More broadly, the discussions to date are largely framed around how to create a single global cap-and-trade program for greenhouse gases, like the European system established under Kyoto Protocol. The problem is that developing nations – the largest source of new emissions going forward – are legitimately worried that emissions caps would curb their efforts to escape poverty. Rich countries are willing to let that commitment slide in the early years and put money (amount to be decided…) on the table to coax them into the system.
But that begs the question: What can be expected of developing nations today? Countries like China, India and Brazil might be willing to adopt a suite of carbon policies that, say, promote clean energy. Or perhaps they would be willing to set require stricter environmental standards for various heavy industries. Both ideas are hot right now, although the United States and others are looking for ways to ensure that the resulting emissions reductions are, to use the UN lingo, “measurable, reportable and verifiable.” The Pew Center on Global Climate Change reviews these and other issues on its website.
And I’ll finish with a study posted last week by the Harvard Project on International Agreements.
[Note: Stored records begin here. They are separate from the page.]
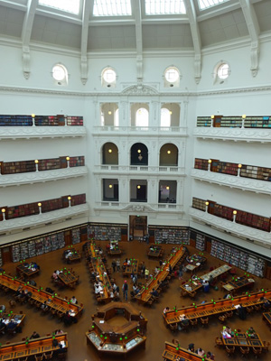 Victoria州立図書館。美しい吹き抜けのドームの下で勉強ができます。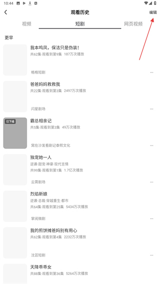 3、進(jìn)入觀看歷史頁面內(nèi),點(diǎn)擊右上方編輯的按鈕。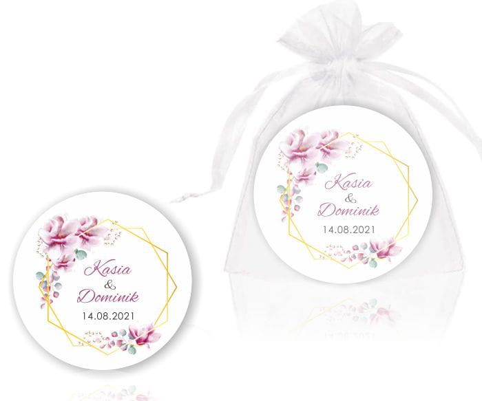 Młoda Para, Magnesy na lodówkę, Podziękowania dla gości, Różowe Magnolie, kwiaty.

This document looks at four different architectures – only one of which is a global cap-and-trade system. Two other options include carbon taxes, widely applied at the national level, and a portfolio of treaties that tackle various problems one at a time. The fourth is based on linkages among separate cap-and-trade systems that are gradually popping up around the globe, a ground-up process that the Harvard folks believe is already under way.
The latter two scenarios might well serve as an optimistic assessment of what might happen if the pessimists – who believe that global warming is too big, too difficult and too complex to address in a single treaty – are right.